OPINION:
To paraphrase Mark Twain: Reports of President Trump’s political death “are greatly exaggerated.” Simply scanning approval ratings overlooks the many trends determining a president’s effectiveness and re-electability. Many of these favor Mr. Trump.
As his 100-day milestone passed, the president’s lagging approval ratings were frequently cited. Two major problems exist with this point-in-time comparative approach: the moment when it is taken and to what it is compared.
Considering the uniqueness of Mr. Trump’s campaign and presidency thus far, applying conventional measures to the unconventional is questionable. Rather than choosing just a single sample, an average over time offers a better view.
Rasmussen’s tracking polls of 1,500 likely voters provide 71 samples over Mr. Trump’s first 100 days. Averaging these, his approval and disapproval ratings are almost exactly balanced: Approval, 49.6 percent; disapproval, 50.3 percent.
Importantly, Mr. Trump’s first day approval rating was not wildly high (56-44 percent) — though certainly higher than his favorability rating during the campaign. Mr. Trump won the election with 46.1 percent of the popular vote, therefore losing 53.9 percent. Compared to the benchmark that elected him, Mr. Trump’s Rasmussen 100-day average handily beats it.
However, this still understates the president’s current standing. While 53.9 percent of November’s electorate did not vote for Mr. Trump, not all voted for a candidate who could have beaten him. Hillary Clinton won more popular votes, yet still only received 48.2 percent. Again, Mr. Trump’s first 100-day average is above that, too.
Mr. Trump is not as vulnerable as reports of his weak polling results indicate. However, being less than wildly popular is not unusual for a president. Nor is it prohibitive to governing for four years and being re-elected.
Informative as approval polling may be, it is hardly predictive of the outcome of an actual race.
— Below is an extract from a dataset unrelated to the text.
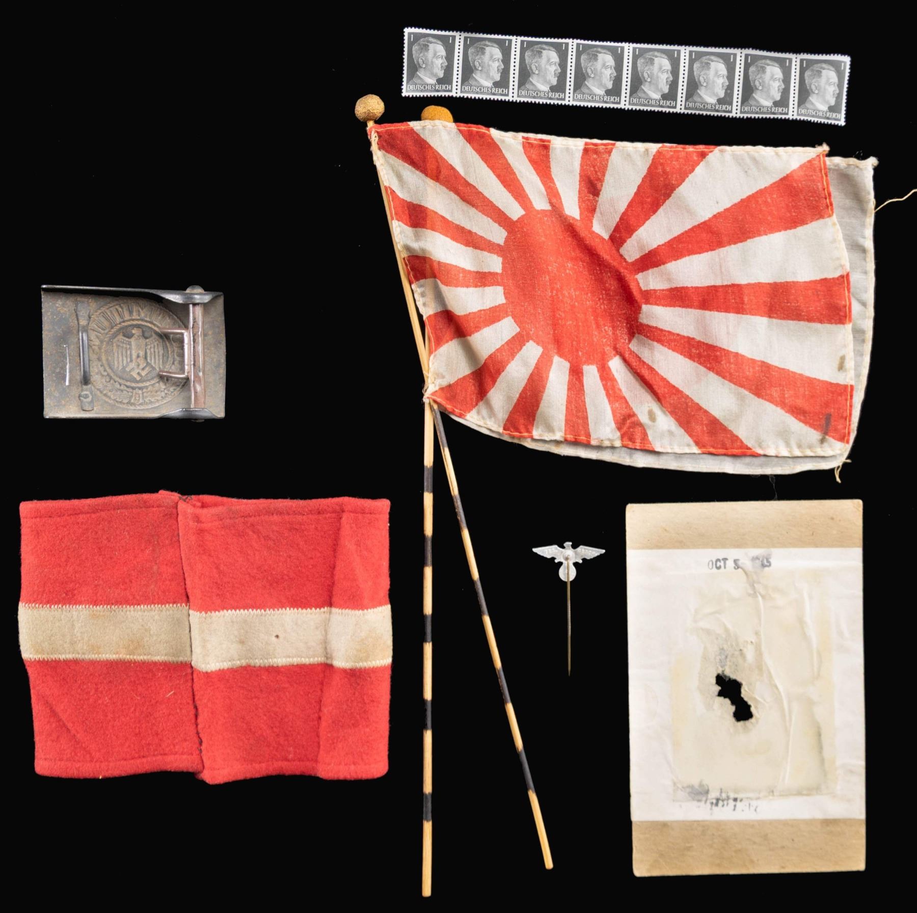 This varied lot includes 1 wool HJ armband of very small size. / 1 Veterans Association stick pin. / 1 Horizontal row of eight Hitler ein pfennig stamps. / 1 WWII German army belt buckle. / 1 Tin type photo of a post WWI US soldier. / 1 Small Japanese hinomaru flag on a bamboo stick. / 1 Small Japanese rising sun flag on a bamboo stick. CONDITION: most items show light wear. Photo emulsion is bubbling. (02-25083/BF). NON-GUN. $150-250.

While approval is a verdict on a person in isolation, a campaign is a verdict on a person in comparison. Mr. Trump won just such a comparison last November — and in an Electoral College blowout.
In 2016, Hillary Clinton was the prohibitive favorite — not just in November, but in the nominating primaries. Yet, things played out differently. The primaries were no walkover, and the general election was no victory.
For Mr. Trump to be legitimately presumed as weak now, the first question should be: Compared to whom? Mrs. Clinton’s primacy within the Democratic Party, but subsequent general election loss, implicitly indicates she came from a “weak bench.” And even a stronger Democratic nominee does not necessarily guarantee that he or she would make gains in the almost 6 percent of 2016 voters who supported neither major party’s candidate. Nor does it mean the candidate could turn the Electoral College against Mr. Trump — Mrs. Clinton could not, despite having more popular votes.
Another Clinton, Bill, further demonstrates Mr. Trump’s current position is not necessarily weak. Mr. Clinton won in 1992 with just 43 percent of the popular vote, well below Mr. Trump’s 2016 total. Two years later, Republicans won both houses of Congress in landslides — something they had not done in decades. Yet in 1996, Bill Clinton won re-election, despite again failing to get a popular vote majority.
All this shows it is not simply a president’s polls but his standing against an opponent that ultimately matters. And like Mr. Clinton in 1996, Mr. Trump in 2020 will have further advantages.
For one, his path to the nomination should be easier. Sitting presidents rarely face strong nomination challenges. Their defeat is rarer still: In the last 100 years, no president seeking renomination has failed to receive it.
In general elections, incumbency is only slightly less advantageous. In the last century, only three elected presidents — Herbert Hoover, Jimmy Carter and George H.W. Bush — have lost re-election.
Mr. Trump is not as weak as current polling seems to indicate. He will have advantages in 2020 that he did not have in 2016. And Democrats are far from proving that they can field a better candidate against him than Hillary was last November.
It is increasingly apparent that Mr. Trump is a unique president as much as he was a unique candidate. The value of comparing his approval ratings to those of other presidents, when he himself is incomparable, is therefore dubious.
This does not mean Mr. Trump has created a new trend in presidential elections. It simply means he is at the confluence of several trends — both current and long-term — in American politics. In many cases, these trends favor him, just as they did so unexpectedly last November.
• J.T. Young served in the Treasury Department and the Office of Management and Budget and as a congressional staff member.